Here's something all out of the wild blue yonder!
During summer I was lucky to get my hands on four boxes of old model kits; among them a Pioneer2 Focke Wulf Ta-154 missing parts which didn't appeal to me. Then I decided to use some of the kits to practice building skills upon. Then this happened -
East Germany 1945: in the wake of Nazi defeat colonel Sergej Korolev had been sent from his drawing board in Kazan to Germany to see if anything worthwhile to the advancement of the Soviet State could be scooped up; notably the V-2 programme.
Arriving at an abandoned Luftwaffe base on the way towards Peenemünde he stumbled across the remains of a Focke Wulf Ta-154. It lacked the canopy and most of the interiors. Korolev wanted to know what the aircraft was all about and had his workers and some impressed Germans clean up the wreck.
Looking around the wreckage littering the place he stumbled upon a Messerschmitt Me-163. It being a wreck itself and known by now to the Soviets Korolev decided to borrow parts of it to rebuild the Ta-154.
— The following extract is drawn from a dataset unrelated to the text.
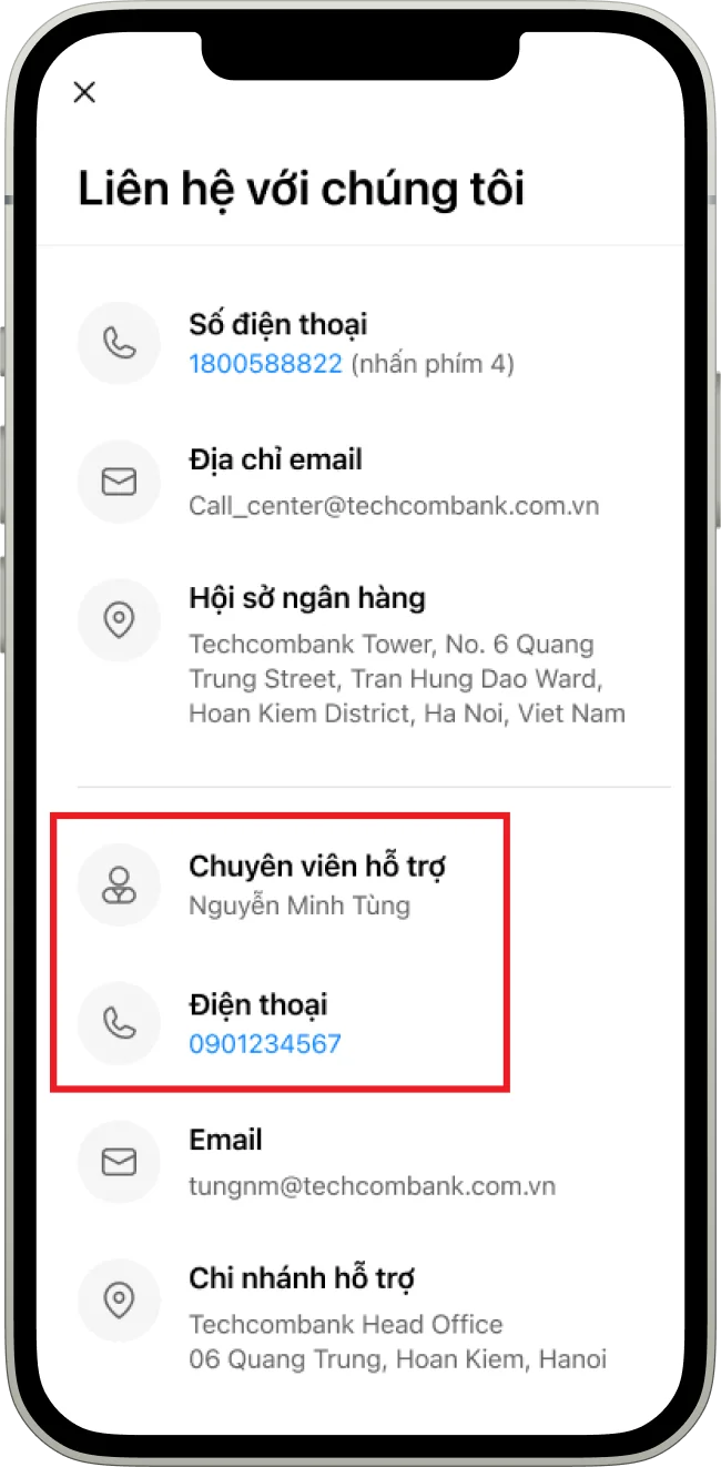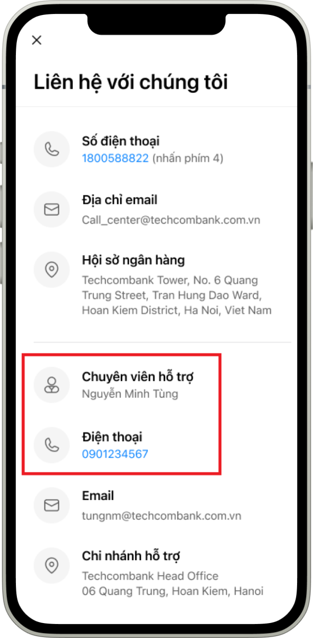 Bước 3: Xem thông tin Chuyên viên hỗ trợ

Within a few days Korolev had his single seater Ta-154 airworthy. It lacked the radar which Korolev now was in the know of and had been ripped of its cannons but at least it could be tested in its new single seat configuration.
Engines had been fixed and tested
and the Ta-154 singleseater was ready for take-off
The aircraft was successfully testflown and then the Soviet Airforce commission had to be notified. The aircraft was flown off to some airbase within the Soviet Union. Korolev would go on his business in Peenemünde and return to the Rodina with the German rocket scientist's and engineers and ultimately head the Soviet Space Program. At times he would tell his Little Eagles - the Soviet Cosmonauts - of his experiences of rebuilding the Ta-154 to airworthy condition. Nobody knew what had become of the aircraft as the Jet-age had set in and nobody gave a damn of old Nazi piston aircraft; except a Soviet rocket engineer.
Years later Yuri Gagarin discovered the Ta-154 single seater in storage on an airbase and he wanted to show the aircraft to Korolev. Unfortunately Korolev died before he could see the aircraft one last time. With the death of Gagarin two years later the single seater Ta-154 once again lapsed into obscurity.